|
Review: |
|
I don't remember where i got this release, but it is an odd little thing. Last Portray are apparently a Swedish shoegaze act, whose only web presence is a MySpace page they abandoned in 2010. This is their sole release, a 3" CD on a label from Peru, and i got a download of it from ... somewhere. I forget.
But it's three really cool songs, and so i tried to order it from the label in Peru. I sent them some money via PayPal, but it has never arrived. It was cheap though -- so cheap that i doubted it was enough money for it ship from Peru to Atlanta. And, indeed, i got what i paid for. Caveat emptor and all that.
Given that this music is practically impossible to find, why talk about it here? Well, to be honest, there is really something going on. These three songs are wall of noisy shoegaze, just a hard drone built out of layers of distorted guitar, muffled voice, and silly keyboard riffs. The songs hold up to repeated listens, which makes me wonder what happened to this band? Why did they disappear? Did the membesr move on to other things, or is Last Portray still hammering out tunes in some bunker in Sweden?
I might never know, but in the meantime, there are three cool shoegaze tunes to enjoy.
The first one here is called On The Brink Gazing In and consists of flat drums (which i think is a drum machine, although all details are a little vague), fuzzed guitars, and a keyboard that picks a simple melody. Eventually, as the guitar ramps up, a voice comes in, half heard under the drone. What makes this song is the insistent beat, one of those simple tappings that drives the drone along and just makes me bounce as i listen. The song gets more distorted as it goes, the guitars going crazy, the voice overdriven and whining, the hi-hat tapping away... Great stuff.
The middle tune is called Shoegazing Sweethearts, which is such a great title i am surprised that Ride or The Boo Radleys never used it. It starts with the grinding guitar, a similar keyboard riff, and the voice still echoed. However, on this song we are clearly listening to a drum machine, which plods along with a mechanical rhythm. This song is actually clearer than the previous tune, and it reminds me a little of one of those shoegaze bands that used to be on Darla compilations in the late 1990s -- Flowchart, Technicolor, that sort of thing. Also, i can tell that English is not the vocalist's first language in the way that he sings "sweet harr TTTTs". That is probably not really a proper phonetic spelling, but the point is that he just says it odd. Swedishly, i suppose. Anyway, the guitars grind along, he sings Swedishly, the drum machine taps, and keyboards burble happily. The keys are chaotic here, several layers playing against each other. Again, this is a nice fun song.

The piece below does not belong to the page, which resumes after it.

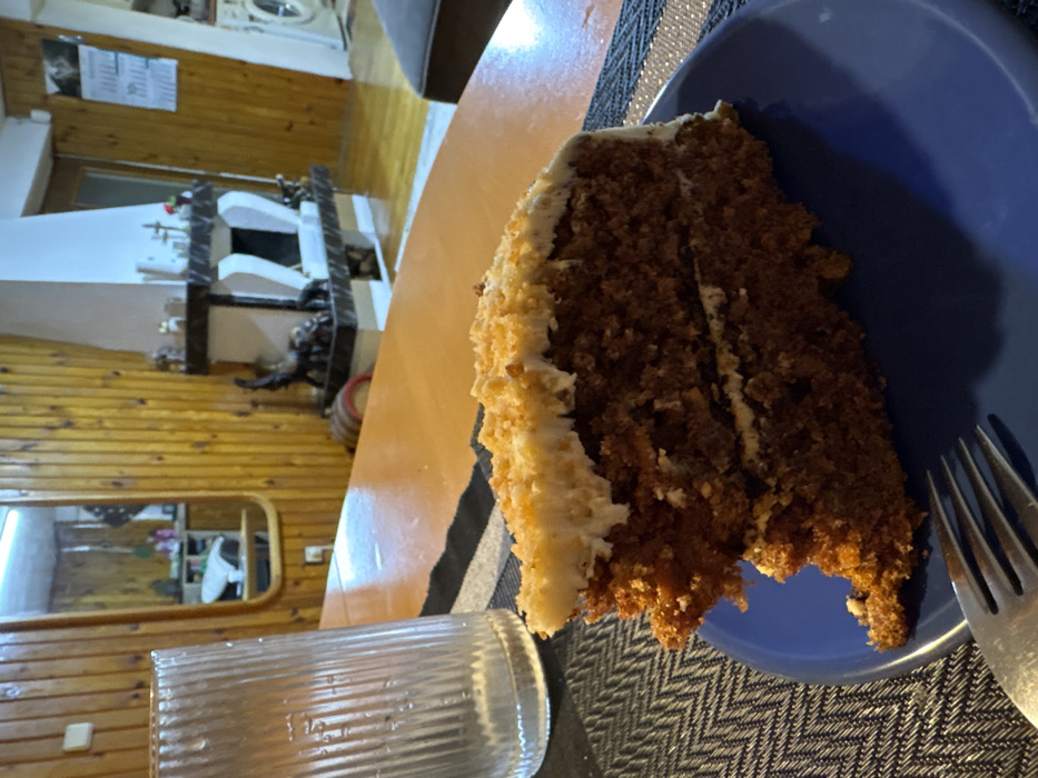 The image depicts an indoor scene, specified as being in the city of Stefan Karadja, Bulgaria. In the immediate foreground, a slice of carrot cake rests on a blue ceramic plate. The cake exhibits two distinct layers of brown cake and two layers of white cream cheese frosting, with the top layer of frosting covered in light-colored crumbs. A silver fork is positioned on the plate at the bottom-left. The plate sits on a dark placemat featuring a chevron pattern. To the left of the cake, a clear, vertically ribbed glass is partially visible on the placemat. Behind the placemat and glass, a light brown wooden table surface extends into the background. The background features a room with walls paneled in light brown wood. On the left wall, a wooden-framed mirror reflects a section of the room, including shelves with various objects. Towards the center-right, a decorative fireplace structure is visible, constructed with light-colored elements and a darker hearth. The mantelpiece holds several small decorative items, including dark animal figurines. Further right, a doorway opens to another area where a white washing machine is partially visible. The floor throughout the visible background is covered with light-colored wooden planks. A dark gray cushion or part of a sofa is situated on the far right. A light-colored calendar or poster hangs on the wall to the right of the fireplace. No individuals are present in the scene.

And then we wrap things up with Falling Leaves, which is where it all comes together. The chirpy little keyboard, the echoed voice (here with a female singing a duet with the male lead singer), the overly fuzzy guitars, and the insistent drum beat all blend organically. The elements all complement each other, while on the first song the keyboards seemed to compete with the voice, and on the second the keys competed with the guitar. Here, the blur of sound is balanced. The song also reminds me of very early Isobella. Sure, the female and male voices contribute to that, but there is a sort of naiveté here, the kids (?) just pounding away at their instruments with no care for anything. This song captures a sense of making noise for the sheer unrestrained fun of it. Plus, at 4:48, it is the longest tune here.
So, there are three songs from Last Portray that exist, and the third one on their one release is the best. So i guess they went out at the top of their game. Good for them. I will still wonder what happened to them. If you are a fan of shoegaze, keep an eye out for this odd little release.